Но при всей неровности и при всем богатом разнообразии творчества Лескова, оно почти целиком подчинено своему основному закону — сочетанию углубленного изучения и яркой изобразительности. «То мне хотелось учиться наукам, то живописи» — рассказывает о своих ранних годах Лесков, как бы выражая этим основные устремления всей своей литературной работы. До конца его произведения определяются этими двумя характернейшими для них моментами — научной основы и пластического оформления. Лев Толстой тонко отметил в Лескове не только «оригинальный ум», но и «большой запас самых разнообразных познаний». Ученый мастер, художник-книжник, пытливый исследователь с развитым артистическим чутьем, недаром он даже об идеях, убеждениях и верованиях говорил, как об «изяществах». Выработанный художественный инстинкт постоянно сочетался в нем с пристальным усвоением разнообразнейших сведений, накопленных человеческим опытом и как бы дающих свое цветение в искусстве этого замечательного сказочника.
И если не все совершенно в огромном литературном наследии Лескова, он, несомненно, оставил нам ряд произведений такой тонкой, сложной и уверенной конструкции, что создал ими подлинную школу беллетристического мастерства, оказывающую свое решающее влияние на развитие нашей новейшей художественной прозы.
Анна Ахматова
[105]
Накануне роковой переломной эпохи европейской истории, за два года до начала мировой войны, в русской литературе, только что похоронившей Льва Толстого и уже подготовлявшей первые битвы воинствующего футуризма, произошло событие, смысл которого раскрылся нам лишь гораздо позже. В обильной жатве стихотворных сборников поэтического сезона, в самом начале 1912 г. вышла тоненькая книга стихов в серой обложке, носившая непритязательное заглавие «Вечер» и помеченная еще неизвестным именем Анны Ахматовой.
Такова одна из крупнейших дат в летописях нашей новейшей поэзии. Она сразу была отмечена вниманием посвященных и признанием избранных. Уже в кратком предисловии к книге Кузмин уверенно сообщал читателям, что к общему хору русских лириков присоединяется еще неведомый молодой голос настоящего поэта. «Многим сразу стали дороги изящная печаль, нелживость и бесхитростность этой книги», — писал тогда же Сергей Городецкий.
К новой поэтессе отнеслись с глубоким вниманием великого предчувствия и радостной надежды.

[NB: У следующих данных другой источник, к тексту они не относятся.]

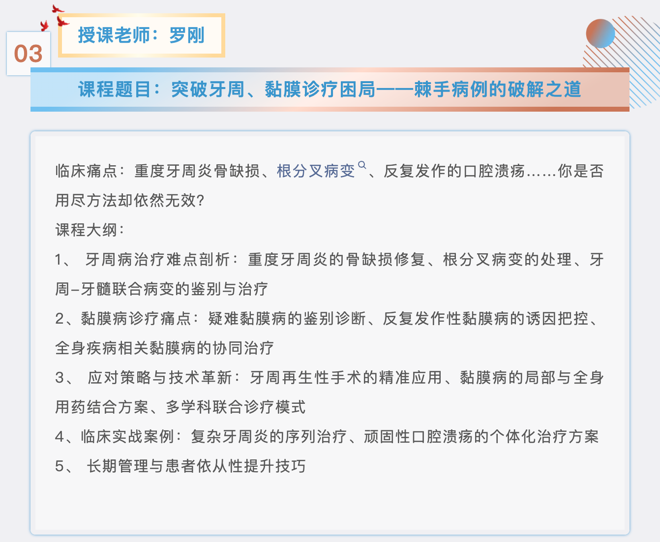 ✅ 多学科融合:种植、牙周、牙体牙髓、外科专家同台,帮你建立全局诊疗思维。

И нужно признать, что эта первая пора русской критики об Ахматовой была наиболее счастливой для нее по непосредственности своих оценок, по отсутствию привходящих тенденций, по свежести своего взгляда, наконец и по своему стремлению просто и отчетливо запечатлеть пленительный облик нового поэта.
Русская критика вскоре сошла с этого пути. Ахматова, как каждое выдающееся явление в литературе, быстро стала предметом кружковых поэтических распрей. Долгое время о ней принято было говорить в непременной связи с вопросом о ликвидации символизма, всячески противопоставляя ее манеру поэтическим приемам старшего поколения. При этом настойчиво выдвигалась программная роль поэтессы, ее значение в качестве знамени народившегося акмеизма. Глубоко самоценными лирическими фрагментами Ахматовой широко пользовались для иллюстрации теоретических манифестов новой школы с подчеркнутой целью показать символистам, как устарела их поэтика.
Затем наступила другая полоса оценок. Анна Ахматова стала предметом прилежного изучения филологов, лингвистов, стиховедов.
Сделалось почему-то модным проверять новые теории языковедения и новейшие направления стихологии на «Четках» и «Белой стае». Вопросы всевозможных сложных и трудных дисциплин — семантики, семасиологии, речевой артикуляции, стихового интонирования — начали разрешаться специалистами на хрупком и тонком материале этих замечательных образцов любовной элегии. К поэтессе можно было применить горестный стих Блока: ее лирика стала
И, наконец, в самое последнее время поэзия Ахматовой стала предметом обсуждения со стороны своей социальной природы и общественной стоимости. Некоторые пролетарские критики, совершенно правильно понимая, что ни одно великое явление искусства не может быть реакционным, что каждое из них всегда устремлено вперед, всегда принадлежит будущему, признали первостепенную роль поэтессы в нашей художественной современности. Это признание вызвало резкую отповедь.